▶ **Task instructions**
Write out the data exactly as given, dropping every picture.

▶ **Provided data**
┄┄┄┄┄┄┄┄┄┄
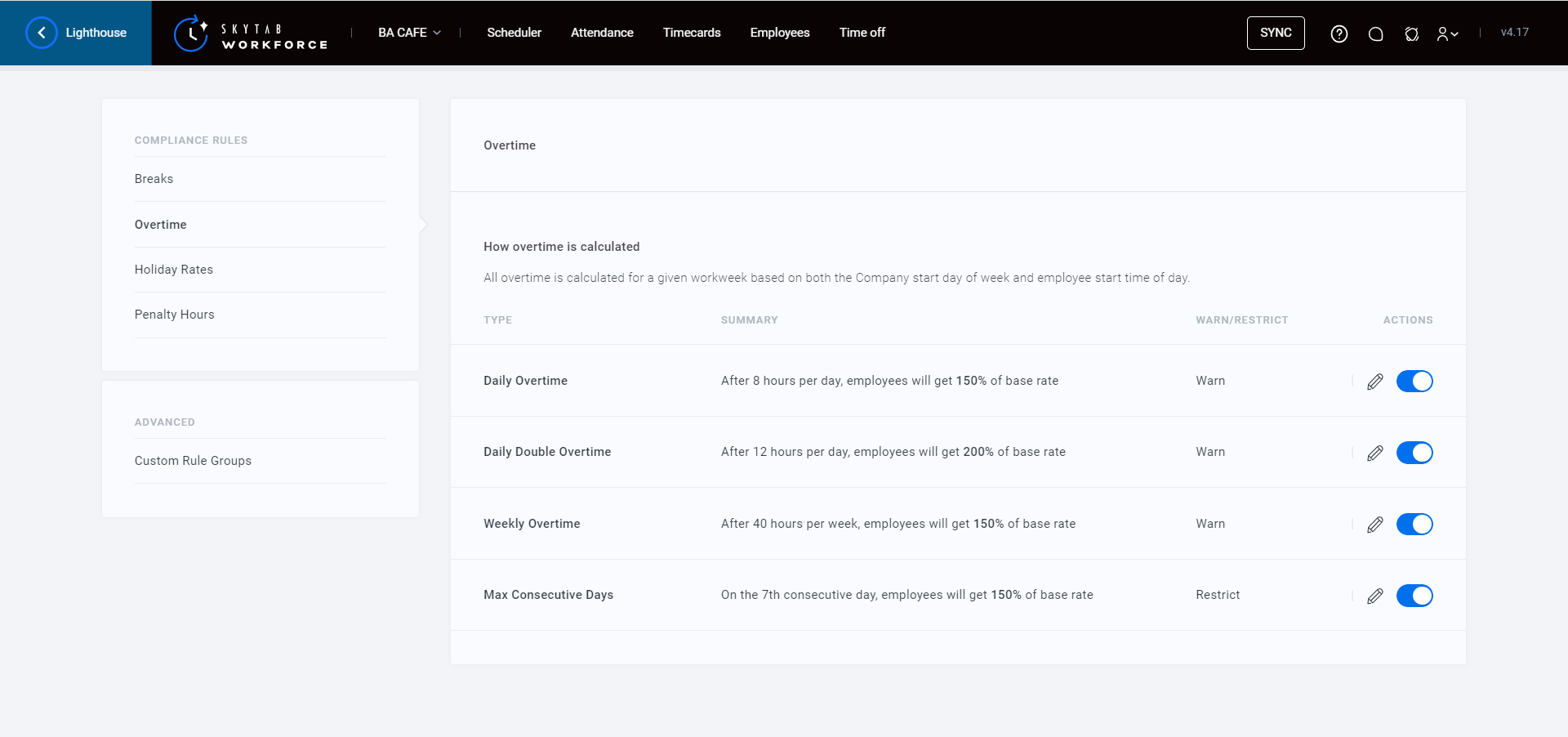 Description: Learn how to set overtime rules in SkyTab Workforce.
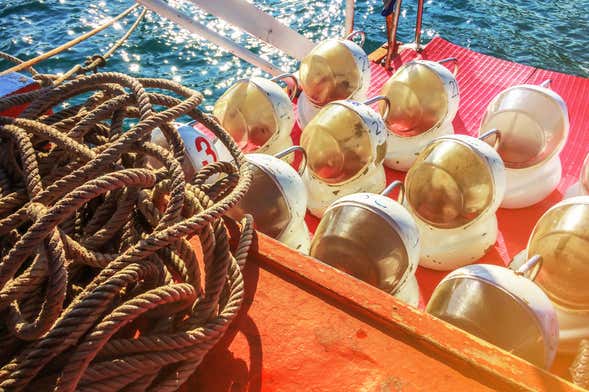 You've got nothing to fear! To do this underwater sea walk, you'll use the latest technology and a diving helmet with a transparent visor, ideal for those who have no diving experience and want a true panoramic experience of marine life. You can breathe as normal, as if you were on land. Plus, there's no need to carry an oxygen tank, so the equipment is very light and easy to use.
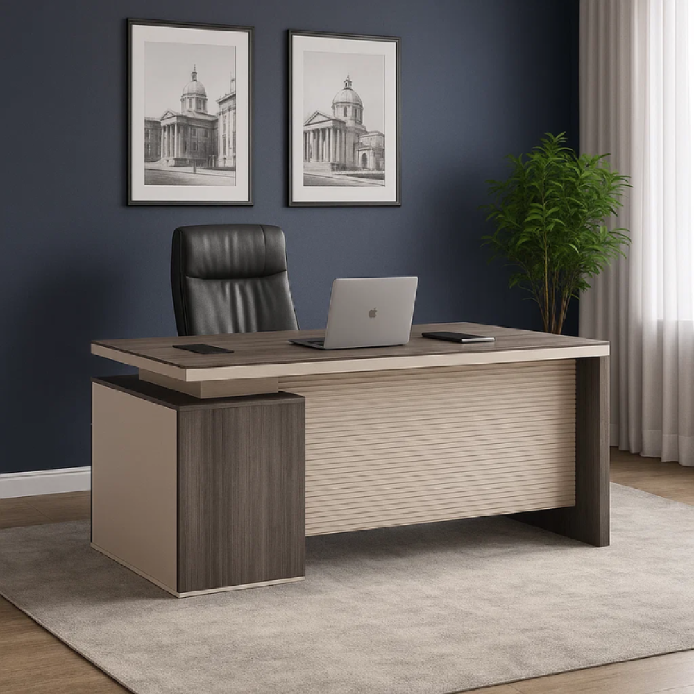 مكتب عملي أنيق بتصميم حديث يوازن بين المتانة والجمال، مثالي لمكاتب الشركات أو الاستخدام المنزلي.
┄┄┄┄┄┄┄┄┄┄
▶ **Solution for this task**
 Description: Learn how to set overtime rules in SkyTab Workforce.
 You've got nothing to fear! To do this underwater sea walk, you'll use the latest technology and a diving helmet with a transparent visor, ideal for those who have no diving experience and want a true panoramic experience of marine life. You can breathe as normal, as if you were on land. Plus, there's no need to carry an oxygen tank, so the equipment is very light and easy to use.
 مكتب عملي أنيق بتصميم حديث يوازن بين المتانة والجمال، مثالي لمكاتب الشركات أو الاستخدام المنزلي.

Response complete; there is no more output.